In my DHT indexer, even though it's very I/O heavy, I quickly maxed out the one cpu available. It doesn't help that Python itself is not exactly fast.
Go on the other hand is really fast. And the concurrency model is stellar. You just launch lightweight goroutines and the runtime takes care of multiplexing them over multiple threads. It works really well. And since these are threads, not processes, communication between them is rather cheap. There's no need for the messages to be serialized, sent over a pipe, and then deserialized.

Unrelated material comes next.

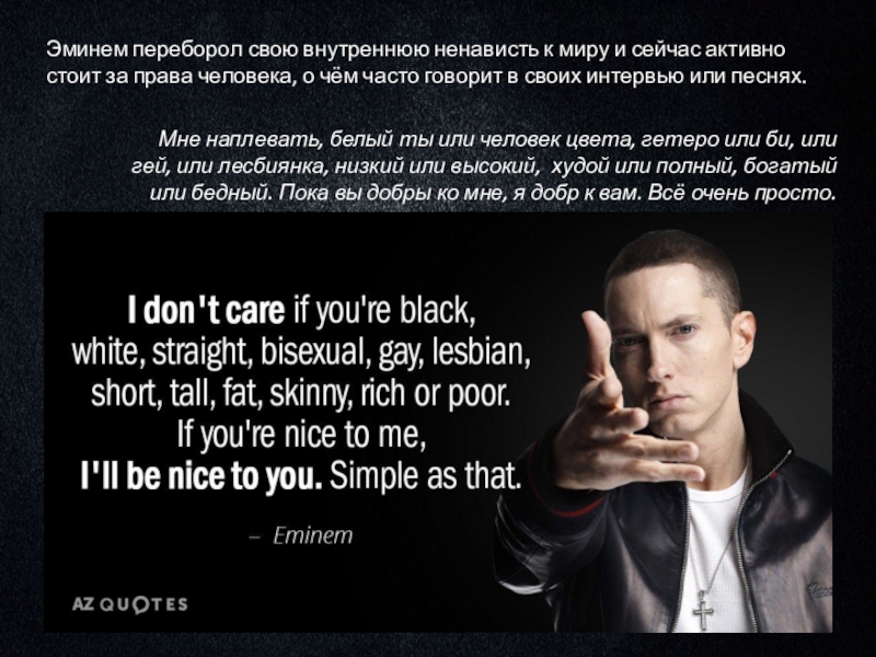 Слайд 10Эминем переборол свою внутреннюю ненависть к миру и сейчас активно стоит

There are things that Go doesn't have/do, and make me like it because of that! Lack of OOP (at least in its usual incarnation) is a big plus to me. I like that the data model is quite simple. There are no magical overloaded operators, constructors, and destructors that make the code hard to read. Just like C, you know what's going on by looking at a snippet of the code, without having to cross reference all the things the compiler might be calling behind your back. And there are no exceptions to tangle your code. Others might miss these features. I think not having them is a feature of Go.
I did miss the expressiveness of Python on occasion, but all in all, I think Go is going to be competing for my number one preferred programming language in the future.